Steiner’s own definition of taboo is incomplete. Indeed, the title is somewhat misleading since there is little positive information about taboo, as Steiner essentially devoted most of his exposition to a critical survey of the methodology employed by writers on the topic since the time of Captain Cook down to his time. His untimely death did not allow him to provide a complete elaboration of his own theory, and the elliptic summary of his approach towards the end of the book is rather obscure in that it is there defined as “an element of all those situations in which attitudes to values are expressed in terms of danger behaviour”. That certain defined situations are imbued with danger is not in itself the product of some intrinsic relations between the organism, its state of mind, and the environment, but rather as often as not such dangerous situation are, for Steiner, so defined purely as a consequence of sociological processes. He emphasizes the primacy of taboos as performing a function in the maintenance of social structures over subjective attitudes that might be considered the cause of taboos themselves.

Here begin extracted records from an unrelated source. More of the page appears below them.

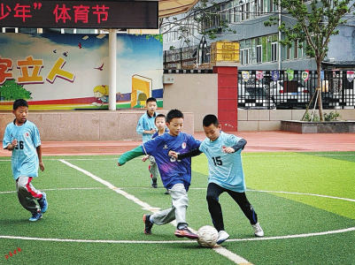 當天下午,太原市雙東小學(xué)的大課間鈴聲準時響起——“走,練射門去!”六年級學(xué)生張浩宇一把抓起足球,和隊友們直奔操場。上、下午各30分鐘的陽光大課間正有序開展,韻律操、武術(shù)操的音樂響徹校園。
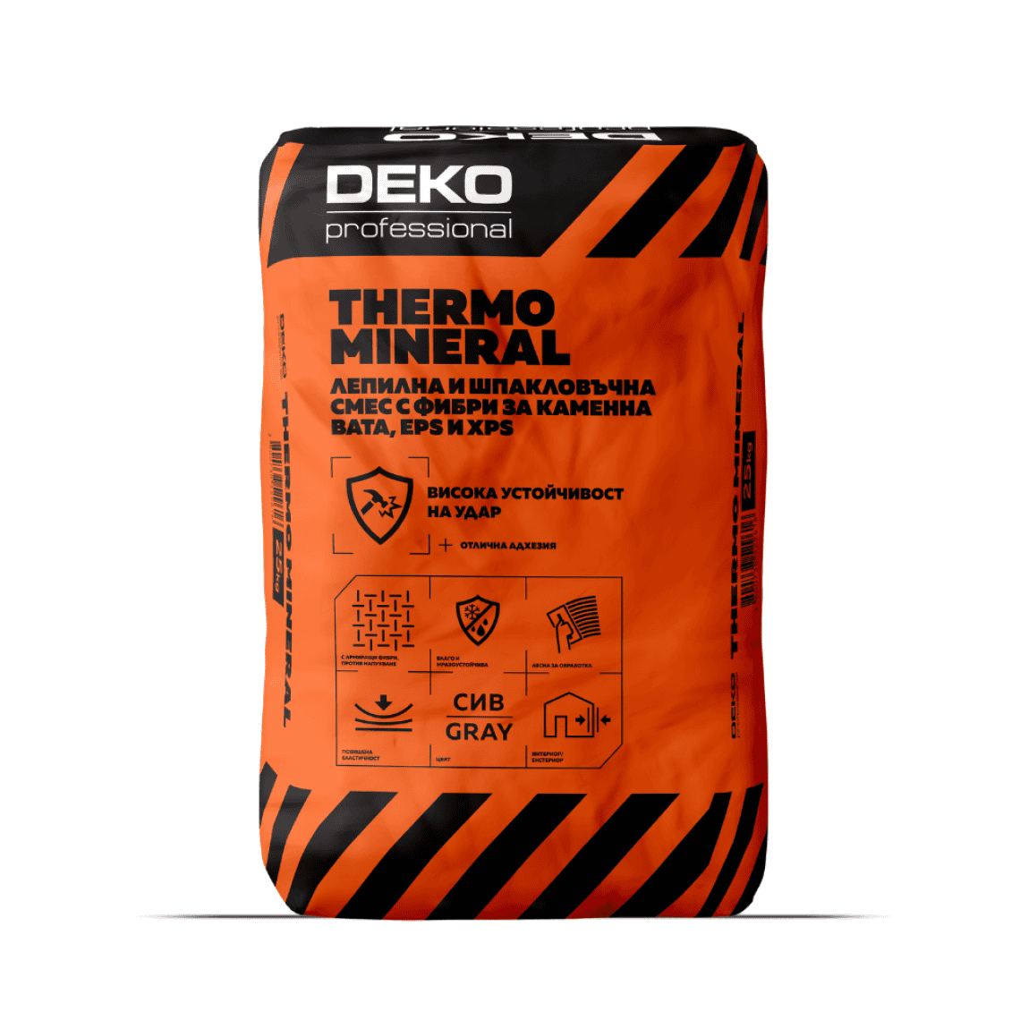 Deko professional Thermo Mineral е суха лепилна и шпакловъчна смес, предназначена за лепене и шпакловане на топлоизолационни плоскости от каменна вата, EPS и XPS. Формулата с фибри повишава устойчивостта и еластичността на системата, като същевременно осигурява отлично сцепление с различни минерални основи.
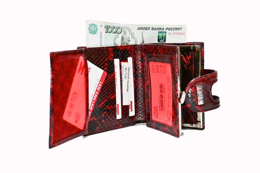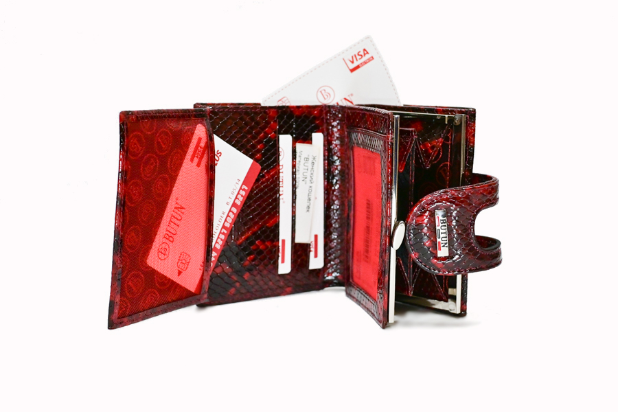 Внутри имеется 2 отделения для купюр, так же 6 кармашков для визитных, кредитных карт и потайной карман.
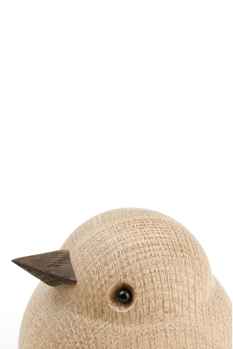 En gruppe dygtige trædrejere har skabt Spurvefamilien med omhu og sans for detaljer ved at håndfremstille den i massivt egetræ.
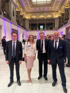 During the Prayer Breakfast in Brussels at the European Parliament, a meeting took place with the participation of Oleksandr Peshko, who serves as the Vice President of the World Diplomatic Council on Global Security; Member of the Verkhovna Rada of Ukraine Yuliia Hryhorivna Yatsyk; Academician, Head of the World Diplomatic Council on Global Security, Doctor of Economic Sciences and Doctor of Philosophy in the field of Medicine Anatolii Volodymyrovych Peshko; as well as our very well-known and truly respected friend Oleh Pervak. They are shown in the photo from left to right.
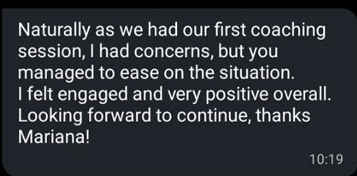 "I was skeptical about coaching at first, but Mariana helped me find solutions I didn't even know existed. I'm more clear on my needs and feel empowered to achieve my goals."

Taboo, for Steiner, is concerned with four things, (1) with social mechanisms of obedience having ritual significance (2) specific restrictive behaviour in situations that are deemed dangerous (3) with the protection of individuals exposed to such danger, and (4) the protection of society at large from those of its members who are both endangered by taboo violations and therefore, in turn, dangerous. Hence Steiner’s general definition that ‘taboo is an element of all those situations in which attitudes to values are expressed in terms of danger behaviour’

In the first three chapters, Steiner describes taboo in Polynesia, surveying how Captain James Cook first used the term on his third voyage to the area, and the way in which it was gradually incorporated into European languages, together with a ‘brilliant, if brief’ examination of the relation between power, mana, taboo, and noa. He argues that, from the outset, the Polynesian usage of the term was contaminated by refraction through a false European dichotomy, that split the notion of taboo into two distinct categories, of the ‘forbidden' and the 'sacred, whereas in Polynesia they were two inseparable aspects of the one concept, though mutually exclusive.

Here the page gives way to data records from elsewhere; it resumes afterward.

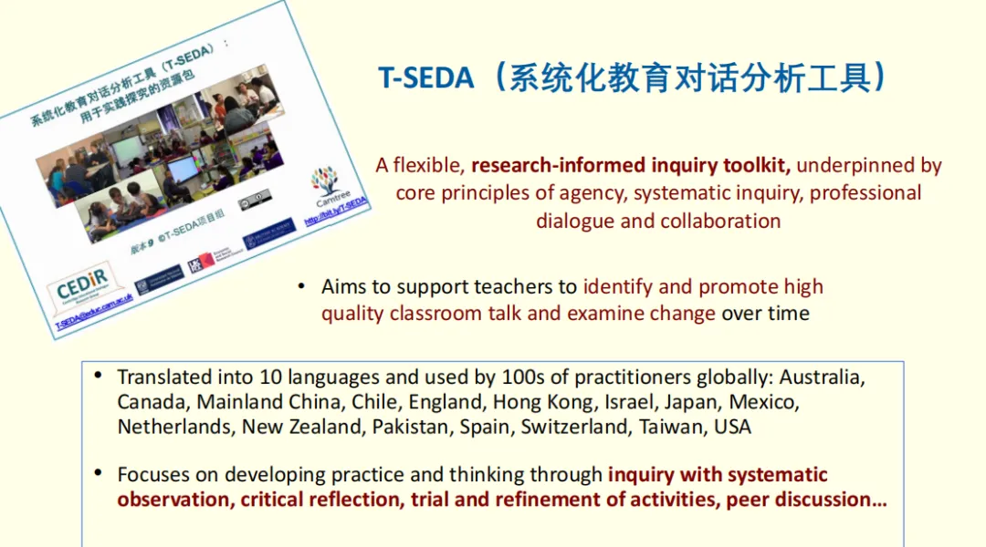 T-SEDA is a flexible, research-informed inquiry toolkit. Based on the core principles of teacher agency, systematic inquiry, professional dialogue and cooperation, the toolkit can help teachers identify and promote high-quality classroom dialogues and study changes through critical reflection, experimentation, trial and improvement activities. Currently, T-SEDA has been translated into multiple languages and is widely used in global educational practices.
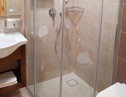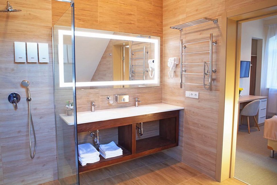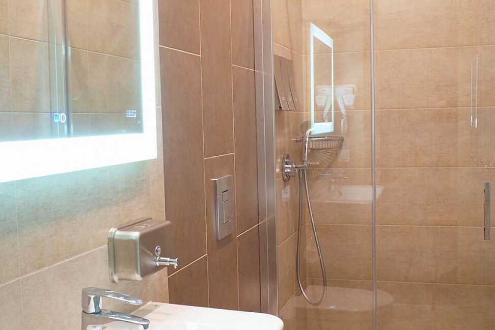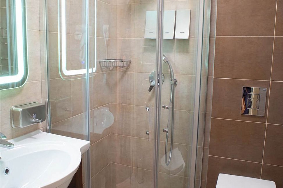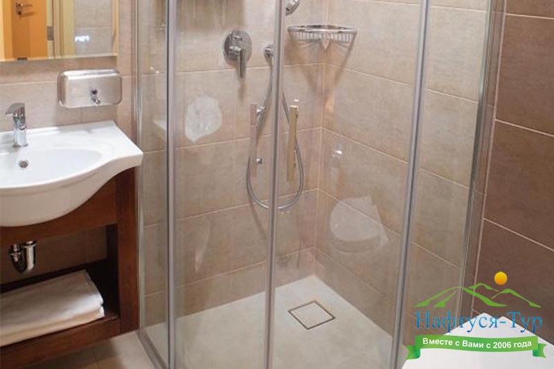 с душем, тапочки, туалетные принадлежности, фен, халат
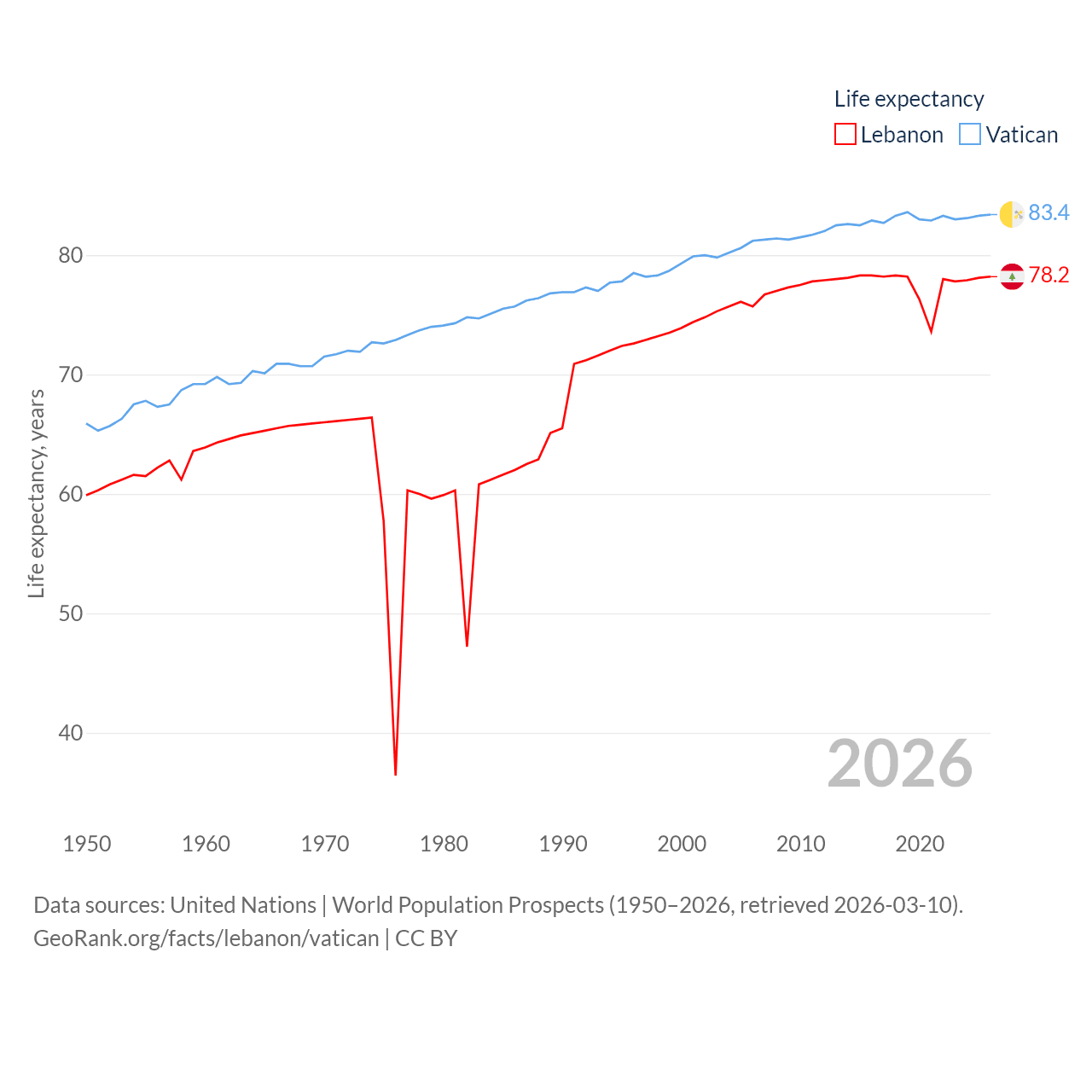 Lebanon vs. Vatican life expectancy calculator
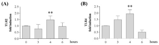 A time-dependent induction of TLR mRNA was detected by incubating cells with the Oxy-mix for 3, 4 and 6 h. As shown in Figure 1, TLR4 appeared to be activated earlier than TLR2 as it was already activated after 3 h (Figure 1B); however, the significant induction of both TLRs compared to control (Time 0) was only obtained after 4 h of cell incubation. TLR up-regulated expression by Oxy-mix was further confirmed by the detected receptors’ protein synthesis (Figure S2).

Steiner then surveys, in successive chapters, the way the adopted concept of taboo became a "Victorian problem”. Steiner observed acutely that it took a Protestant (Cook) to first observe the problem of taboo, whereas, by contrast, Spanish explorers, as Catholics, were never sufficiently ‘bemused’ to think it worthy of mention. He then remarks on the irony of the fact that the ‘invention’ of the problem of taboo was an achievement of Victorian society, which he defined as “one of the most taboo-minded and taboo-ridden societies on record”. He cites among the armchair theorizers of that period responsible for creating the interpretation of taboo as a general feature of primitive society, W. Robertson Smith, Sir James Frazer, and R.R.Marett, the last-named being responsible for the idea that tabu was negative mana. Steiner himself had a thorough background in Semitic languages, and therefore his chapters on Robertson Smith, who applied the concept to Semitic cultures, have been regarded of ‘outstanding importance’.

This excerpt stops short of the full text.